Magnetic tape provides a means for physically storing data to longitudinal tracks of a magnetic tape moved longitudinally with respect to read and/or write heads. One method for maximizing the amount of data that can be stored is to maximize the number of parallel tracks on the media, and that is typically accomplished by employing servo systems which provide track following and allow the tracks to be spaced very closely. Another method for maximizing the amount of data that can be stored is to maximize the amount of data that can be stored on an individual track, and often the recording and detection arrangements require that the longitudinal movement of the magnetic tape be kept relatively constant in order to maximize the data density of a track. Still another method for maximizing the amount of data that can be stored is to maximize the amount of magnetic tape that can be provided on a reel, for example, by making the magnetic tape thinner. The thin magnetic tape is more sensitive to variations in the longitudinal movement of the tape by a drive system, requiring that the longitudinal movement of the magnetic tape be kept relatively constant in order to avoid stretching of the tape or having slack in the tape.
Timing based servo systems allow both objectives to be attained. An example of a timing based servo system is the incorporated U.S. Pat. No. 5,689,384. A timing based servo system is employed, for example, with the Linear Tape Open (LTO) format, one example comprising the IBM LTO Ultrium magnetic tape drive and associated tape cartridge. A linear servo track comprises a pattern, for example, of prerecorded magnetic transitions or edges of stripes forming a timing based servo pattern of a repeating cyclic periodic sequence of transitions of two different slants or azimuthal orientations that extend laterally over the linear servo track. For example, the pattern may comprise transitions slanted, or having an azimuthal orientation, in a first direction with respect to the longitudinal direction of the linear servo track, alternating with transitions having different slants, for example, in the opposite direction. Thus, as the magnetic tape is moved with respect to a servo sensor in the longitudinal direction, the lateral positioning of the servo sensor with respect to the timing based servo track is sensed based on a measure of time between two transitions having different slants as compared to time between two transitions having parallel slants. The relative timing of the transitions read by the servo read head varies linearly depending on the lateral position of the head. Herein, the terms “slant”, “slanted” or “slants” refer to any azimuthal orientation, including no slant, or a transition that is perpendicular to the longitudinal direction or parallel to the transverse direction.

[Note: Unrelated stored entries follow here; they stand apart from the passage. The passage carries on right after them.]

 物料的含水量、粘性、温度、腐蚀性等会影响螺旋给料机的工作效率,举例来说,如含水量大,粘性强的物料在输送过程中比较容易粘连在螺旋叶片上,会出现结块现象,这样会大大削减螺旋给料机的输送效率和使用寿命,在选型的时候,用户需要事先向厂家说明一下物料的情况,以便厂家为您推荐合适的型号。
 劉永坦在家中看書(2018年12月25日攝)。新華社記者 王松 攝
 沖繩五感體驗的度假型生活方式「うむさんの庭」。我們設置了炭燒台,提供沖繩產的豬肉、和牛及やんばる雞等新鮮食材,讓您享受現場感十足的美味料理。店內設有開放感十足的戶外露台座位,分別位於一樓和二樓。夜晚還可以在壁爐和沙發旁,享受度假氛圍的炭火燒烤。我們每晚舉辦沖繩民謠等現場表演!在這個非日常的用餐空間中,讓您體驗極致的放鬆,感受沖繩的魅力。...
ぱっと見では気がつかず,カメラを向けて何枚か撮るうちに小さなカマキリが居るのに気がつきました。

The lateral position of a servo sensor with respect to the servo track may comprise a measure of time between two transitions having different slants, this distance called the “a” distance, as compared to time between two transitions having the same slant, this distance called the “b” distance. The servo tracks are typically generated by a servo writer having two spaced apart write elements of different slants, forming the “a” distance, which are pulsed simultaneously. Thus, the “a” geometric distance is determined photo lithographically, and is independent of the timing or the velocity of the servo writer drive.

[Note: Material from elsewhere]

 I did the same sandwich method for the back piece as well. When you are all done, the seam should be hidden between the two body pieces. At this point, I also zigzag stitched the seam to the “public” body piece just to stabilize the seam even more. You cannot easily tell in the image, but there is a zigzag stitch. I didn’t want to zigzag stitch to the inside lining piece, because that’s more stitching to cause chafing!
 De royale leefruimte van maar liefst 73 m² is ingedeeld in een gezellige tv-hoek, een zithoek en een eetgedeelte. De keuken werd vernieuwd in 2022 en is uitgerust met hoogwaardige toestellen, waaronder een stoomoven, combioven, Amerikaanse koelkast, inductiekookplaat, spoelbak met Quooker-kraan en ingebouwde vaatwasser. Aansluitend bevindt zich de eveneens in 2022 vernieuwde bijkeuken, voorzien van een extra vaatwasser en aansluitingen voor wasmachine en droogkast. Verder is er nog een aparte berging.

With the servo writer utilizing two spaced apart elements with different slants, the writer generator is pulsed periodically with the period between pulses set so that, with the nominal tape velocity of the servo writer drive, the geometric distance between elements having the same slant (generated by the same element of the writer) is the “b” distance discussed above. Thus substantial error in the velocity of the tape by the servo writer drive or substantial error in the timing between the pulses, results in an error in the “b” distance and hence an error in the lateral position calculated based on the “b” pulse timing.
Further, the longitudinal velocity of the magnetic tape is determined based on measuring the timing between two transitions having the same slant, the “b” distance. Thus substantial error in the velocity of the tape by the servo writer drive or substantial error in the timing between the pulses, results in an error in the “b” distance and hence an error in the longitudinal velocity of the tape calculated based on the “b” pulse timing.
Error in the resultant spacing of the “b” transitions cannot be compensated for in the magnetic tape drive because the error is written into the magnetic tape in the servo pattern.